刚缝好的伤口被打裂,尖锐的刺痛从额头直窜入颅内。
夏明薇拉住霍母。
“阿姨,推迟婚礼和小渔受伤无关。
是我和阿言不喜欢现在的婚礼风格,想重新……你就是心太软了。”
霍母拍了拍她的手背。
“当年就是**搞得你霍叔叔神魂颠倒,最后连命都搭进去了。
现在她又缠着我儿子不放。
一家子,没一个要脸的!”
走廊里来往的脚步慢了。
“真不要脸,年纪轻轻破坏别人家庭。”
“扇一巴掌算是轻的了,应该扒光了去游街。”
“听说**也不是什么好货色,有其母必有其女。”
……议论声像针一样扎进皮肉。
而八年前,那个拿命威胁霍母,要她停止对我和母亲网暴的霍靳言,此刻只是沉默地站着。
我攥着床单的指节发白。
“我妈和霍叔叔清清白白,他是被你**的。”
当年,她造谣我妈和霍叔叔,不仅让我妈患上抑郁症,还害死了自己的丈夫。
霍母瞬间变了脸色。
“小**,我今天非撕烂你的嘴!”
“妈,这里是医院!”
她扬起的手被霍靳言截住。
“薇薇工作的地方,你这样闹,也不怕她被同事笑话。”
一股涩意顺着喉咙往上涌。
我和我妈被泼脏水,他看不见;我挨了霍母一个巴掌,半边脸滚烫,他看不见。
可一牵扯到夏明薇,他立即站出来了。
我背过身,眼泪无声砸落。
“都出去,我要休息。”
霍靳言拉着霍母走了。
不多时,我也离开医院。
打开婚房的门,里面堆满了霍靳言给我买的礼物。
品牌新出的高定成衣,拍卖会上重金拍下的首饰,以及他每次出差给我带的特产。
我曾不止一次说够多了。
他却将头埋进我的颈窝,语气温柔地能溺死人。
“哪里够,我要把全世界的好东西都搬回来给你。”
收回思绪,我将几件旧衣服塞进行李箱,抬脚阔别这个住了八年的家。
刚走到门口,身后响起霍靳言的声音。
“江渔。”
他挡在我身前。
“管家说,首饰盒是空的。”
“不可能。”
走之前,我亲自检查过。
“戒指交出来。”
他眉峰紧蹙。
“婚礼若再被推迟,薇薇会被人说闲话!”
我咬紧下唇。
“我没拿。”
这时,夏明薇捧着婚纱从屋内走出来。
“小渔,你如果有不满,大可直说。”
她声音哽咽。
“这套婚纱是阿言提前半年,专程找法国设计师定制的,他的一片苦心,你怎么能狠心毁掉?”
我的心猛地一沉。
五分钟前还完好无损的婚纱,此时布满了剪痕。
霍靳言脸色瞬间铁青。
“我妈说得没错。
你们母女根本是一路货色,为留在霍家不择手段!”
话落,“啪”一声脆响。
我右手掌心发麻,止不住的颤抖。
当年被网暴,我站上顶楼,是他跪着求我下来,口口声声说相信我,相信我妈。
霍靳言顶了顶腮,没再看我。
“搜!
把戒指找出来。
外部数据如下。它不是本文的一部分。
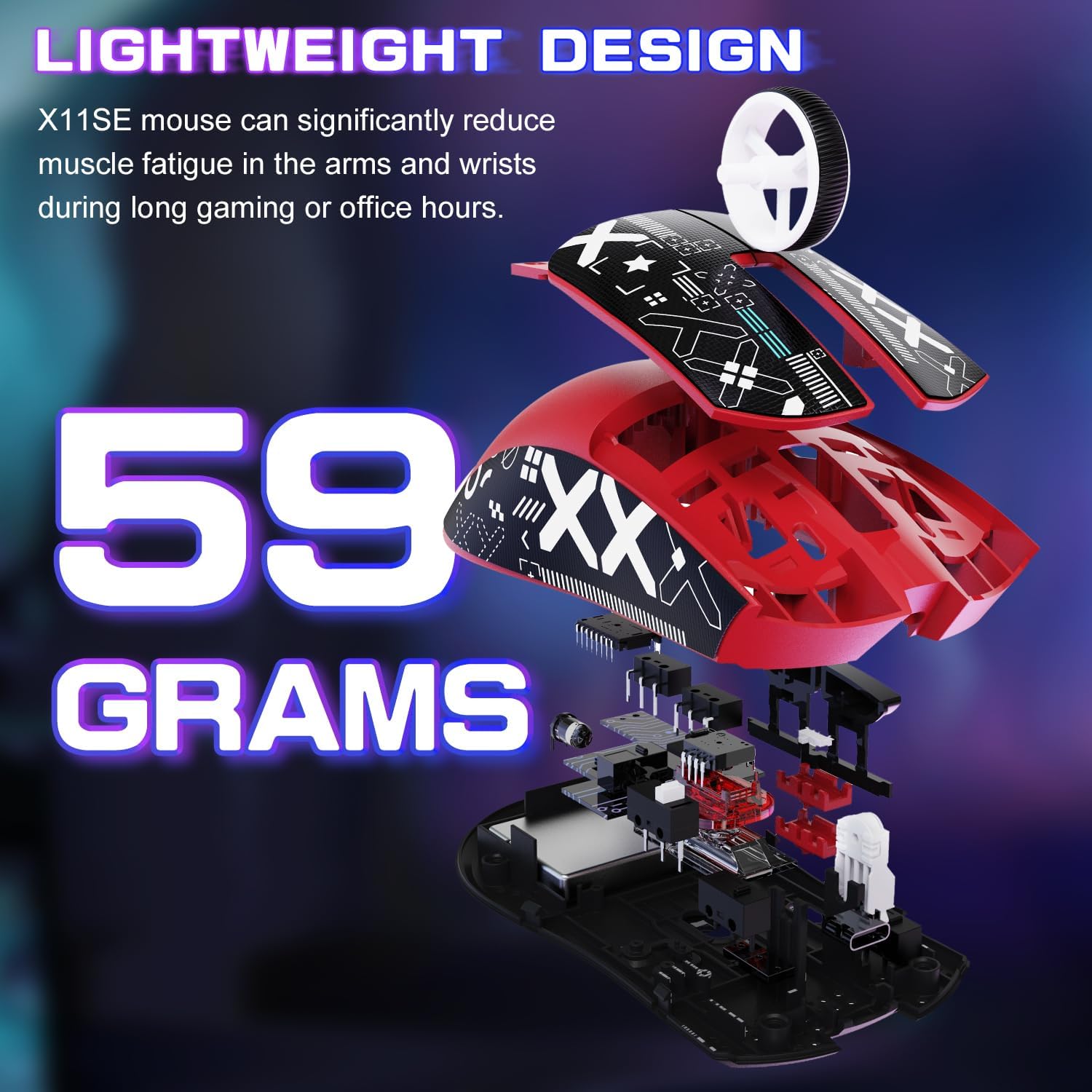 【Ultra-Light 59g Ergonomic Design】Weighing just 59g, the X11SE gaming mouse is even lighter than Attack Shark X11. Its optimized internal structure allows for quicker, more responsive movement—perfect for FPS gamers. The ergonomic shape fits naturally in your hand, reducing fatigue during extended gaming or work sessions.
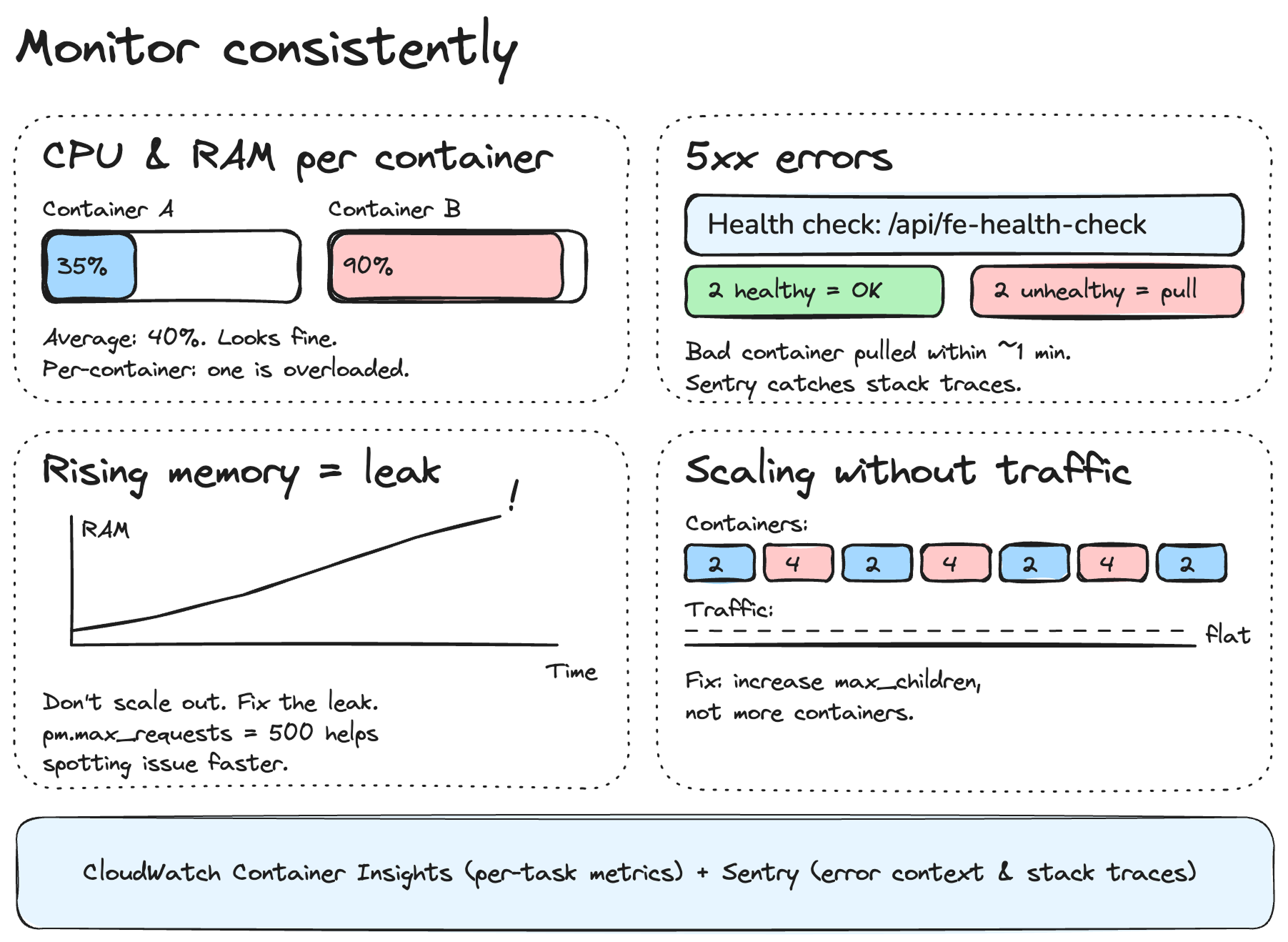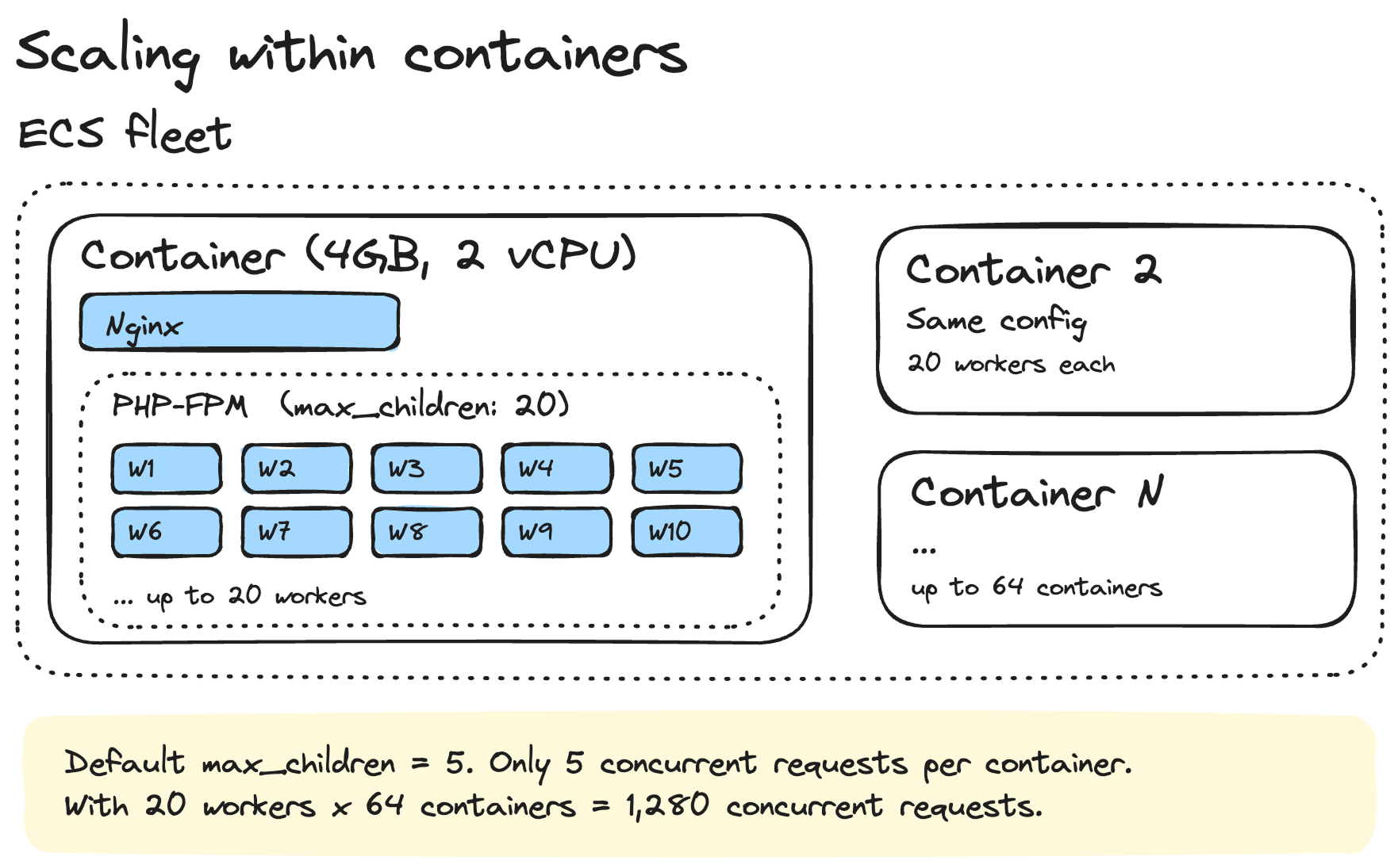 This is something that catches a lot of people off guard. You can have the perfect ECS scaling policy, but if the process manager inside your container is misconfigured, you'll hit a ceiling way before ECS even thinks about adding new containers.

”
佣人一拥而上,我的行李箱被夺走。
里面的东西散落一地,我和母亲唯一的合照也被踩在脚底。
几名佣人伸手来扯我的衣服,玉牌应声而断。
母亲留给我的唯一念想顷刻间碎成了几半。
“住手!”
我小心翼翼地捡起地上的碎玉。
霍靳言愣住。
在听到夏明薇的啜泣声后,又冷下脸。
“少装可怜,那枚戒指够买你十块破玉了,继续搜!”
“我自己来。”
我木然起身。
一件件褪去外套、衬衣、鞋袜。
霍靳言的脸也一点点沉下去。
最后只剩贴身衣物时,他终于厉声喝止。
“够了。”
他脱下外套,快步上前想为我披上。
被我拂开,然后看着他道。
“霍靳言,我们分手吧。”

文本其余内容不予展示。